=== Data supplied ===
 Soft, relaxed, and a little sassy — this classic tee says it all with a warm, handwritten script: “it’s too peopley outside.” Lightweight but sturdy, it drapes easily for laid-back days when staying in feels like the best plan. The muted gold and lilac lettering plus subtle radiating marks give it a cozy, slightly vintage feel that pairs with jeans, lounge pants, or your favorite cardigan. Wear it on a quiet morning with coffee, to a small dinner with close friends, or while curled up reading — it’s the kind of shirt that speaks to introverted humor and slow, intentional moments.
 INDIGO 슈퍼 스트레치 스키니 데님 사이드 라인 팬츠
===
=== Data supplied ===
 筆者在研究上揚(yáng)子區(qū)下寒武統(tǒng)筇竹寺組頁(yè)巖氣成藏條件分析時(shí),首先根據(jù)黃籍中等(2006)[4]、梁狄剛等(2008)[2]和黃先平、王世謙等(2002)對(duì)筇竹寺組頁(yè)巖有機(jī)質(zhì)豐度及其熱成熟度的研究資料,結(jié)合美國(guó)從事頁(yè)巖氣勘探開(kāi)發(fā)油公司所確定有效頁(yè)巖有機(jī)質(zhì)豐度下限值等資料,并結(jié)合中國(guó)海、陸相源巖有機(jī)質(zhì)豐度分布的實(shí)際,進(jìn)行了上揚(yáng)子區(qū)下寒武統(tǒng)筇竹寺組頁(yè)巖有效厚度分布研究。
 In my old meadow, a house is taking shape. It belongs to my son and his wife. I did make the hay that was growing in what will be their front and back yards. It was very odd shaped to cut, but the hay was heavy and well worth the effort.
===
● What you should do:
Extract from the records above the lines from the one containing "Soft, relaxed, and" to the one containing "INDIGO 슈퍼 스트레치 스키니 데님 사이드 라인 팬츠", both lines included, exactly as they appear and with nothing else.

● Result below:
 Soft, relaxed, and a little sassy — this classic tee says it all with a warm, handwritten script: “it’s too peopley outside.” Lightweight but sturdy, it drapes easily for laid-back days when staying in feels like the best plan. The muted gold and lilac lettering plus subtle radiating marks give it a cozy, slightly vintage feel that pairs with jeans, lounge pants, or your favorite cardigan. Wear it on a quiet morning with coffee, to a small dinner with close friends, or while curled up reading — it’s the kind of shirt that speaks to introverted humor and slow, intentional moments.
 INDIGO 슈퍼 스트레치 스키니 데님 사이드 라인 팬츠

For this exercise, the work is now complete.